DATED: Honolulu, Hawai‘i, April 20, 2009.


On the briefs:

Brian R. Vincent
Deputy Prosecuting Attorney
for Plaintiff-Appellant

Arthur E. Ross
for Defendant-Appellee





1.     The Honorable David Lo presided.

2.     HRS § 134-7 provides in relevant part (emphasis added):

§ 134-7. Ownership or possession prohibited, when; penalty

. . . .

(b)     No person who is under indictment for, or has waived indictment for, or has been bound over to the circuit court for, or has been convicted in this State or elsewhere of having committed a felony, or any crime of violence, or an illegal sale of any drug shall own, possess, or control any firearm or ammunition therefor.

. . . .

(h)     Any person violating subsection (a) or (b) shall be guilty of a class C felony; provided that any felon violating subsection (b) shall be guilty of a class B felony. Any person violating subsection (c), (d), (e), (f), or (g) shall be guilty of a misdemeanor.
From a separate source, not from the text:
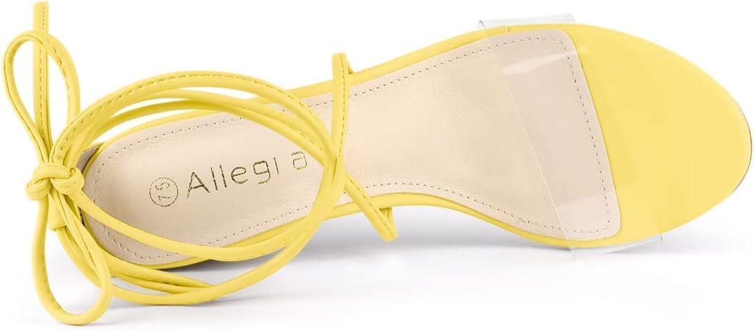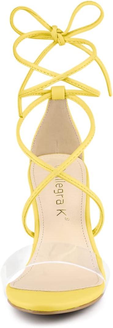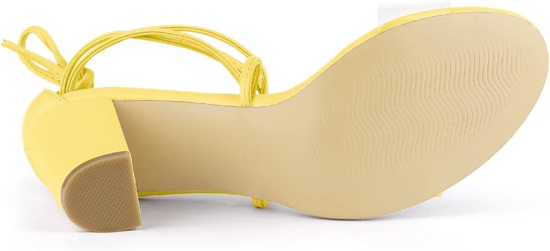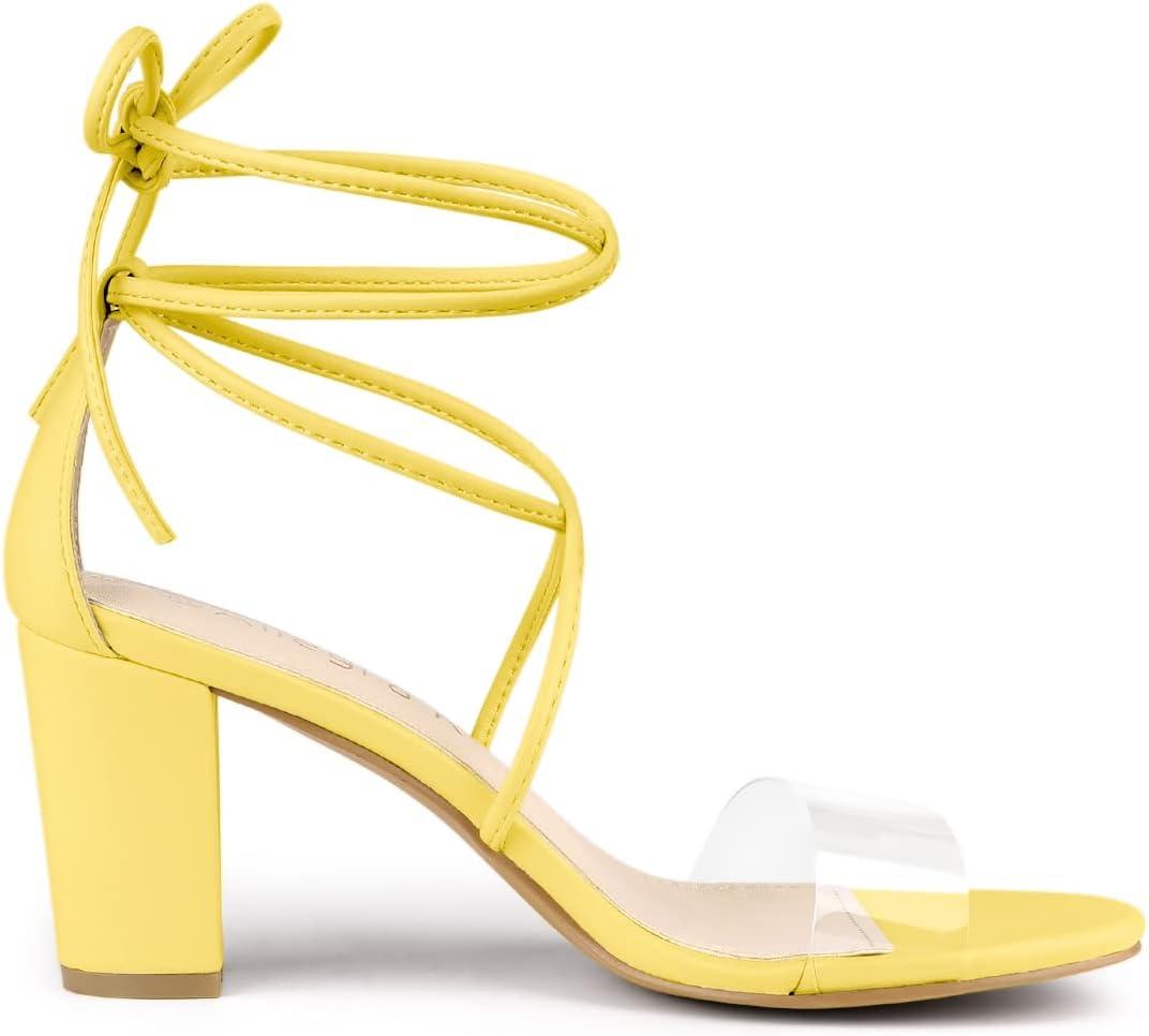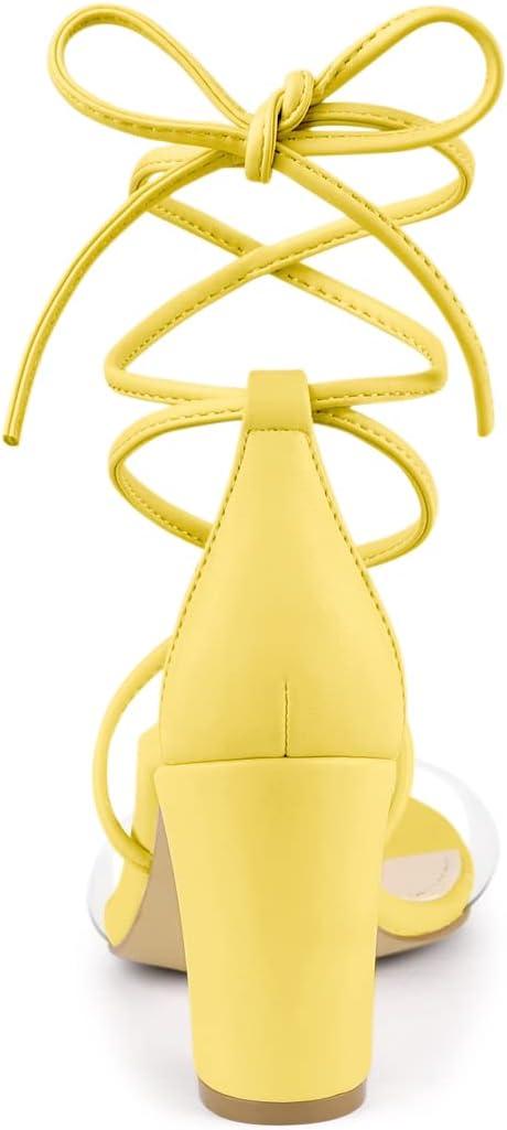 Allegra K Women’s Clear Strap Block Heels Lace Up Heels Sandals(Yellow)

3.   HRS § 702-236 states:

§702-236 De minimis infractions. (1) The court may dismiss a prosecution if, having regard to the nature of the conduct alleged and the nature of the attendant circumstances, it finds that the defendant's conduct:

(a)     Was within a customary license or tolerance, which was not expressly refused by the person whose interest was infringed and which is not inconsistent with the purpose of the law defining the offense; or

(b)     Did not actually cause or threaten the harm or evil sought to be prevented by the law defining the offense or did so only to an extent too trivial to warrant the condemnation of conviction; or

(c)     Presents such other extenuations that it cannot reasonably be regarded as envisaged by the legislature in forbidding the offense.

(2)     The court shall not dismiss a prosecution under subsection (1)(c) of this section without filing a written statement of its reasons.